**Work instructions**.
Using the material below, repeat exactly the lines from the one with "with Black Cap" through the one with "Đoàn viên thanh", ends included, without any images.

**Exercise inputs**.
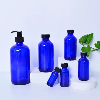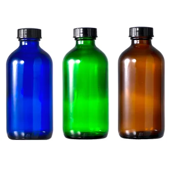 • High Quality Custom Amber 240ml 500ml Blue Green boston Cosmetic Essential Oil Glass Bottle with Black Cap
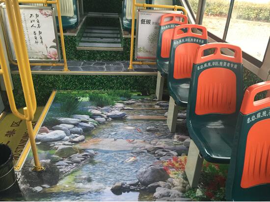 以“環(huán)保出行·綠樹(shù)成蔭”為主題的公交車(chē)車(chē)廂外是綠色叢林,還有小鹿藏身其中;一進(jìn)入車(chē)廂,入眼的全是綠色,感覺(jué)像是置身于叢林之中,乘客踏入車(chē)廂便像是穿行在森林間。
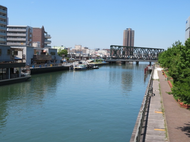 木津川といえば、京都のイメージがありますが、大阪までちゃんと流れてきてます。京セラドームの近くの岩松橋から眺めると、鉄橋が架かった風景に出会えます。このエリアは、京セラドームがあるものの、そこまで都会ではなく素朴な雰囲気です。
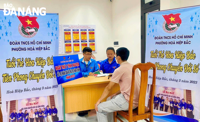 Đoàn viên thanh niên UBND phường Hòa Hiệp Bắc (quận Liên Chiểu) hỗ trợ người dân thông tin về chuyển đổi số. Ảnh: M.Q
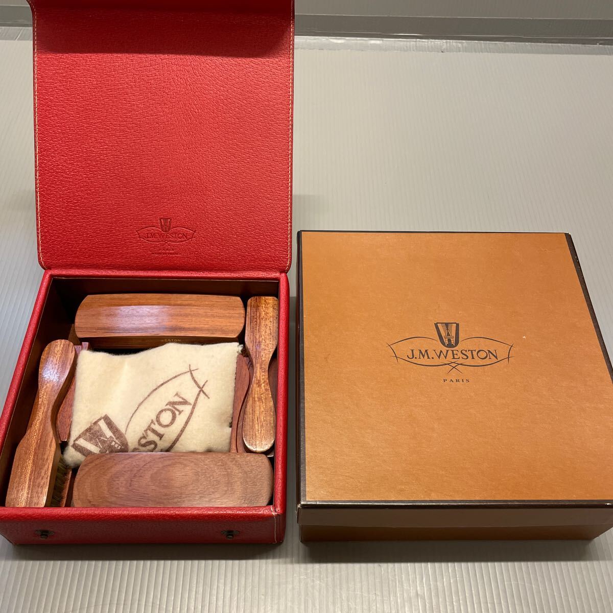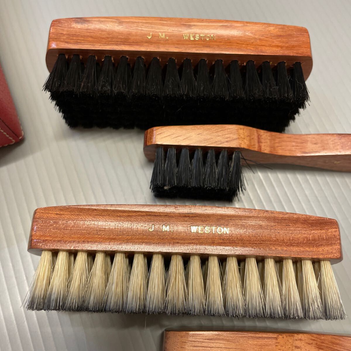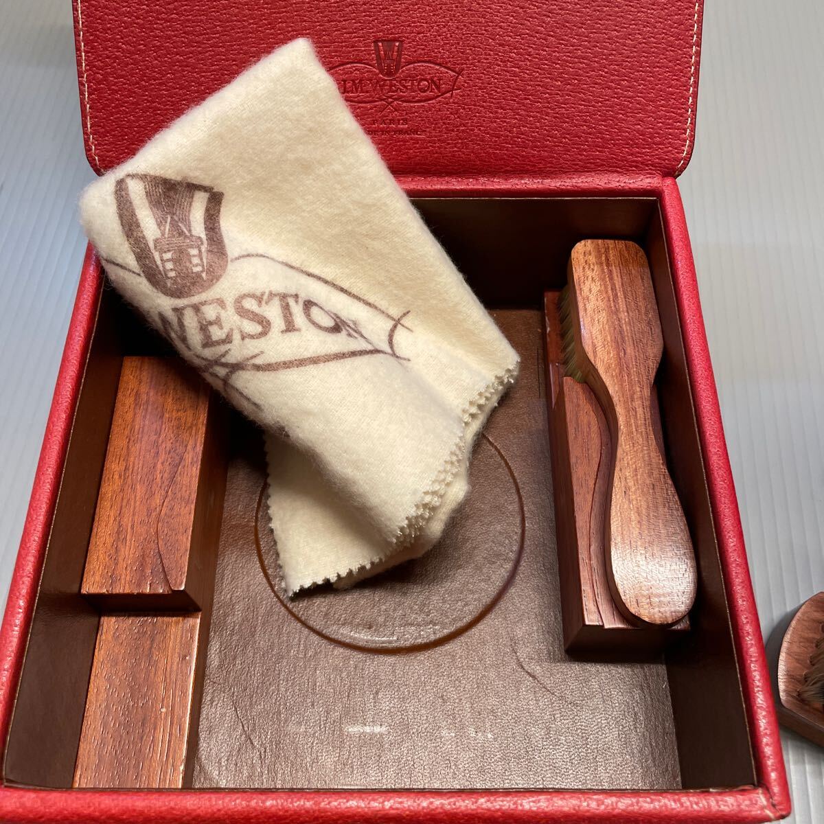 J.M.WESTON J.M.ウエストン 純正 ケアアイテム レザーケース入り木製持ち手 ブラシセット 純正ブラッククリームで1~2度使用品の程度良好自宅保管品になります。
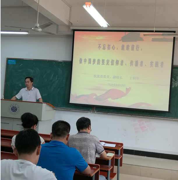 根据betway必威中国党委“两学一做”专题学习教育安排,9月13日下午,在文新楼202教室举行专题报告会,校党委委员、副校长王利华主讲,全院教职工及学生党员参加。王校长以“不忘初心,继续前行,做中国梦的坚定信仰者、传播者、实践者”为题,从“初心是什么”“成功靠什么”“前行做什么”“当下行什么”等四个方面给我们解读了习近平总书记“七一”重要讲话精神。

* * *

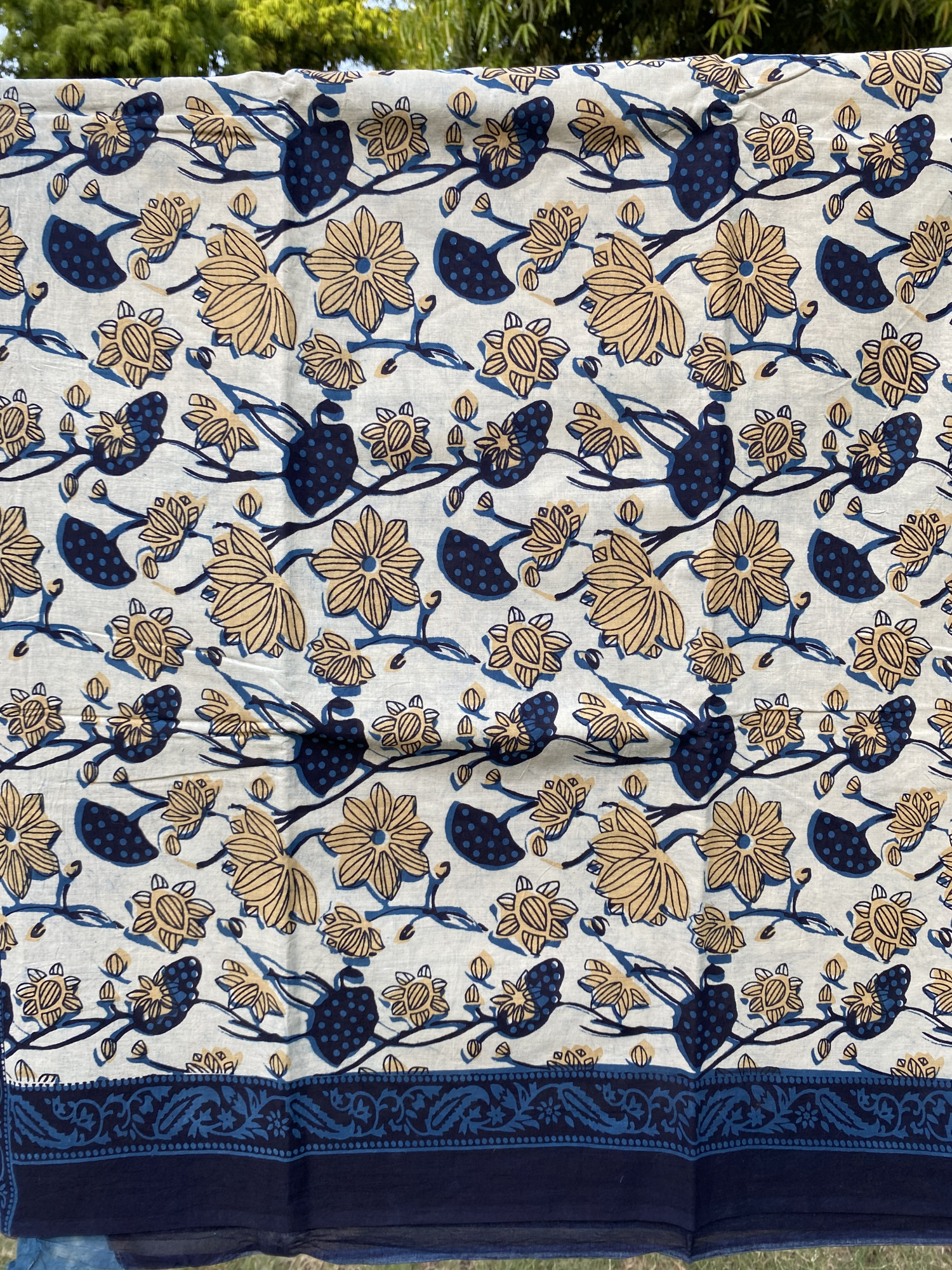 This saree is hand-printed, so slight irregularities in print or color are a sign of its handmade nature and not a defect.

**Exercise result**.
 • High Quality Custom Amber 240ml 500ml Blue Green boston Cosmetic Essential Oil Glass Bottle with Black Cap
 以“環(huán)保出行·綠樹(shù)成蔭”為主題的公交車(chē)車(chē)廂外是綠色叢林,還有小鹿藏身其中;一進(jìn)入車(chē)廂,入眼的全是綠色,感覺(jué)像是置身于叢林之中,乘客踏入車(chē)廂便像是穿行在森林間。
 木津川といえば、京都のイメージがありますが、大阪までちゃんと流れてきてます。京セラドームの近くの岩松橋から眺めると、鉄橋が架かった風景に出会えます。このエリアは、京セラドームがあるものの、そこまで都会ではなく素朴な雰囲気です。
 Đoàn viên thanh niên UBND phường Hòa Hiệp Bắc (quận Liên Chiểu) hỗ trợ người dân thông tin về chuyển đổi số. Ảnh: M.Q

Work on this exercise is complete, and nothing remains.